Vickrey Second Price Auctions
by William Charlwood
Author: The Definitive Guide to Google AdSense
When you bid for a keyword to trigger the display of your ad on Google, you are participating in a real time Vickrey Auction.
Okay, so now you know the name, what the heck is a Vickrey Auction? Naming, after all, is not explaining.
A Vickrey Auction is where the highest bidder wins - but he/she only pays the second highest bidding price.
Let's say there's an auction of 3 people
A bids $1.00
B bids $1.15
C bids $1.45
In this case, C wins the bid but pays only $1.15.
So why would anyone selling anything want to sell via a Vickrey Auction when it seems they don't get the best price that way?
The answer is that they do - provided everyone who is bidding knows what is going on. In Google's case, this is far from the truth at the moment but by the time you've finished this article you will be one of the few who do and it could help you plan your AdWords campaigns better.
If you participate in a Vickrey Auction, you can safely bid the maximum price that makes sense to you in the knowledge that if you win, you will pay less than this. If everyone understands this, they will all bid the maximum they can afford and the seller does very nicely. Furthermore, no one ends up paying more than they can afford.
This process also keeps people in the bidding who would otherwise be nervous of pitching too high.
At the moment very few people understand what is really going on behind Google's bidding process and therefore the prices that people bid are often well in excess of what they are really prepared to pay. In fact, unless you are operating in a highly competitive area, you can generally afford to bid high provided no one else is adopting a similar tactic. Here's why.
Why it can be dangerous to bid high
Google uses a variation on the Vickrey Auction model to determine how much you pay when your ad is clicked. Let's look at the situation when three people again are bidding.
A bids $1.20
B bids $2.50
C bids $1.21
B wins the bid, but Google sets the price paid at 1 cent ABOVE the next highest price. In this case then B has to pay $1.22 for the click. This is well below the price he bid.
Now it may be that B simply set his price high because he thought that $2.50 would guarantee top slot and that everyone else would be bidding much lower which in this case was true.
But suppose C also adopted the same philosophy and bid $2.30 instead of $1.21.
A bids $1.20
B bids $2.50
C bids $2.30
In this case, B would still win - but would have to pay $2.31 for the click this time.
This shows why it is dangerous to bid too high just to achieve a high ranking. You can't always assume you will pay much less than your maximum bid price.
2 additional Google twists
Just to make the process more complex, Google adds a couple of twists to this process too.
In the above examples, we talk about bid prices measured in dollars and cents. In practice, Google uses a different "currency". Let's call it your bidding power.

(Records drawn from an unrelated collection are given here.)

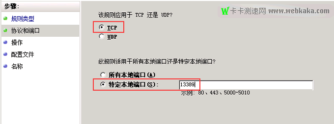 4、選擇“TCP”,端口選擇“特定本地端口”,手動輸入你剛設置的遠程端口號,點擊下一步。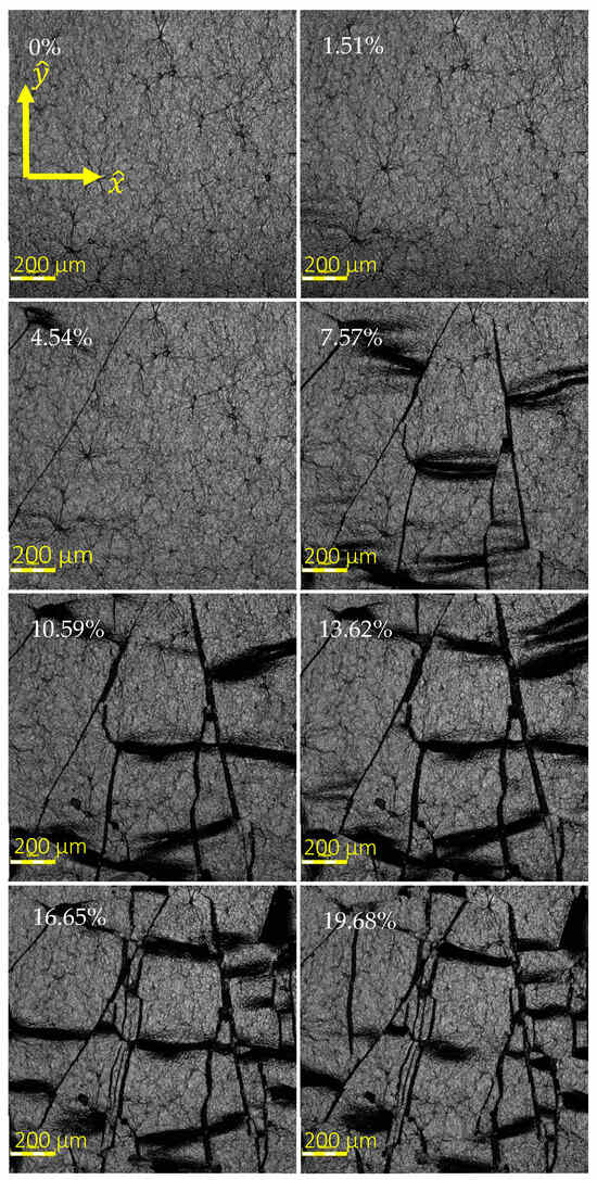 Microscopic inspection, shown in Figure 4, indicates that there was no significant brand-new cracking observed in the rGO at strains less than 7.57%. As can be seen, significant cracking and displacements accumulated at a faster rate, with strains beyond 7.25%. The approximate accumulated length of the visible cracks at 0%, 1.51%, and 4.54% can be manually measured using the scale bar as 0, 0, and 1.64 mm, respectively, whereas at strain of 7.57%, this value increased drastically to the value of 7.62 mm and then increased to 8.74 mm at 10.59% strain. This observation matches the physical mechanism underlying nonlinear percolative-like behavior of the material discussed in Section 3.2. The variation in the strain value at which the nonlinear trend begins can be attributed to the cracks that may occur at the locations of electron paths between electrodes before or after the 7.25% strain is reached.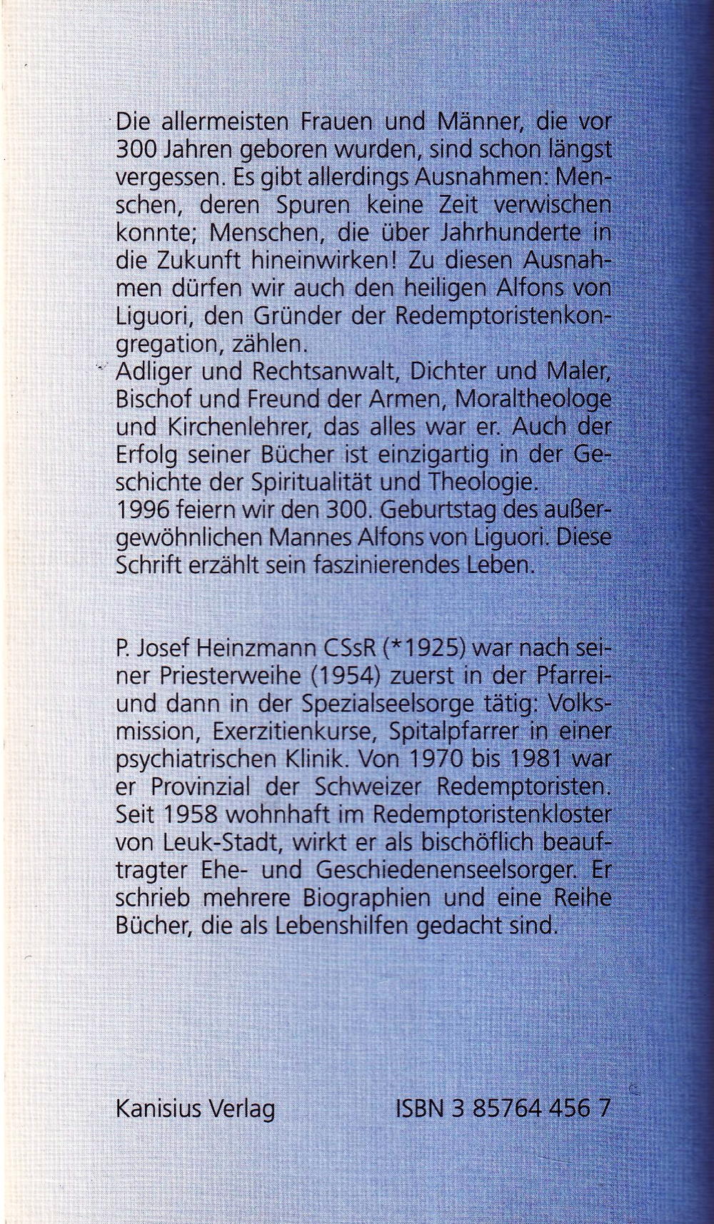 1996 feiern wir den 300. Geburtstag des aussergewöhnlichen Mannes Alfons von Liguori. Diese Schrift erzählt sein faszinierendes Leben.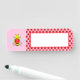 This awesome name tag can be erased and re-written so you can use it over and over again. The design features a cute little Valentines Bee. The Bee has a furry yellow body with black stripes and red antennae. It is holding on to a red heart shaped piece of honeycomb and is surrounded with sunflowers. Each flower has red petals to match the romantic bee and a black centre. There is white text in the middle of the honeycomb that says the romantic message "Bee mine". This little bee is ideal for showing your love for someone special.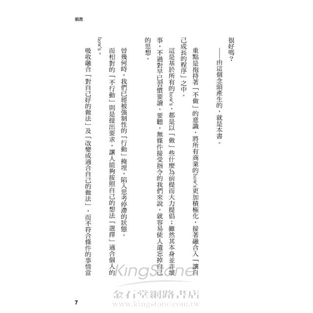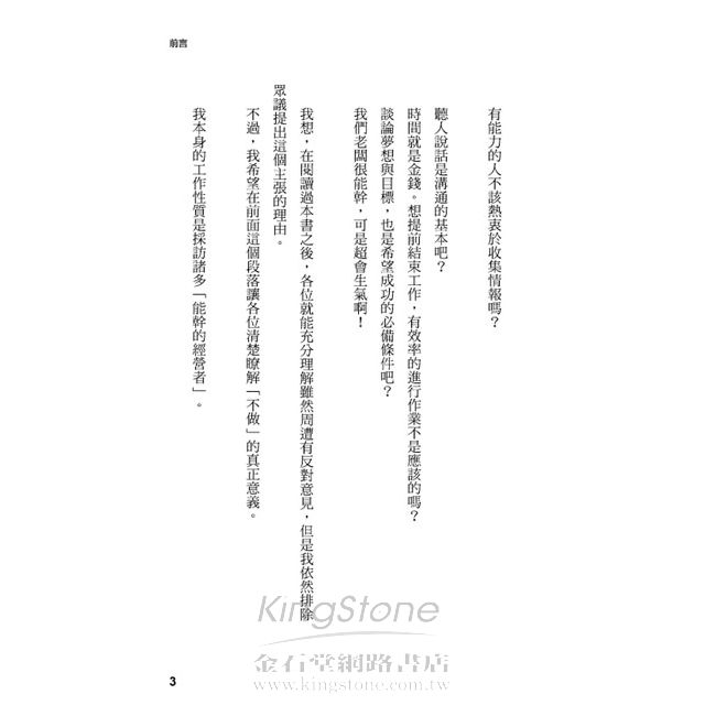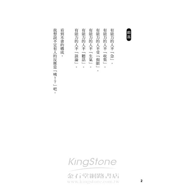 如果你總是被時間追著跑、容易受他人意見左右、會立刻感覺焦躁的話,請試著透過本書,檢視一直以來的「行動」,學著「不要做」,成為一個真正「有能力的人」。

Your bidding power is equal to your bidding price multiplied by your ads popularity for the relevant keyword. What this means is that your bidding power doubles if you run ads that achieve twice the click through rate of competitor ads for a given keyword even if you are bidding exactly the same amount of money per click.
Example:
Bid price $2.12
CTR 2%
Bidding power = 414Bid price $2.12
CTR 1%
Bidding power = 212
When you bid in Google's real time auction for an ad, it is your Bidding Power and not simply your bidding price that determines where your ad will rank.
If you get a high CTR, you can still have a higher Bidding Power than your competitor who is bidding a higher price than you. This is why it pays to have ads that get the clicks.
How this fits with the Vickrey Auction
The model is the same as the dollar-only model we first discussed but this time, instead of costing you dollars and cents per click, you get charged an amount of Bidding Power.
Example
A bids 400 Bidding Power Units
B bids 300 Bidding Power Units
C bids 349 Bidding Power Units
A wins the bid but pays only 350 Bidding Power Units. (1 more than the 2nd highest bidders bid of 349)
Google charges A in dollars and cents so how much does he pay?
The answer depends on his Click Through Rate. If he has a CTR of 1% he will pay $3.50 because 350 x 1 = 350.
On the other hand, if he is achieving a CTR of 5% (which is what top performing ads can achieve), he will pay 70 cents (70 x 5 = 350)
The second complexity that Google adds to this system is that a similar process goes on for each bidder in order to determine the final order in which ads appear.
Finally don't forget that the click through rate you achieve for each keyword will depend in part on the ad that gets displayed for the keyword. You need to maximise this and the best way to do this is to run several ads at a time and see which ones generate the highest click through rates.
Part of the process of managing your account is to delete poor performing ads and create ads that beat your best performing ad to date.